** Description of the task **
Extract the full listing verbatim and drop any pictures from your copy.

** Exercise data **

##############################

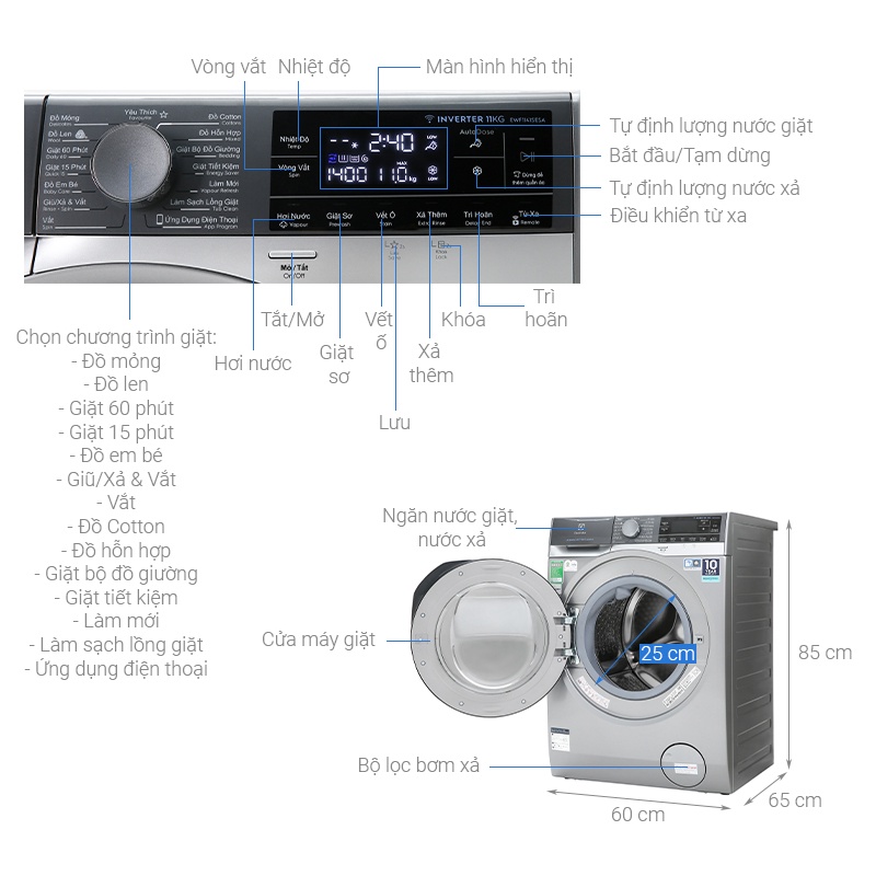 Tiện ích : Hẹn giờ giặt , Khóa trẻ em, Định lượng tự động, Hẹn giờ kết thúc, Vệ sinh lồng giặt, Điều khiển máy giặt từ xa thông qua ứng dụng Electrolux Life, Đèn chiếu sáng lồng giặt
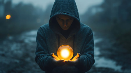 A person in a hooded jacket holds a bright, glowing orb in a misty forest setting.
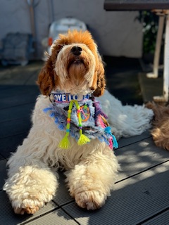 Jeans Halstücher in verschiedenen Farben und mit Klickverschluss und D-Ring als Halsband tragbar.

##############################

** Worked solution **
 Tiện ích : Hẹn giờ giặt , Khóa trẻ em, Định lượng tự động, Hẹn giờ kết thúc, Vệ sinh lồng giặt, Điều khiển máy giặt từ xa thông qua ứng dụng Electrolux Life, Đèn chiếu sáng lồng giặt
 A person in a hooded jacket holds a bright, glowing orb in a misty forest setting.
 Jeans Halstücher in verschiedenen Farben und mit Klickverschluss und D-Ring als Halsband tragbar.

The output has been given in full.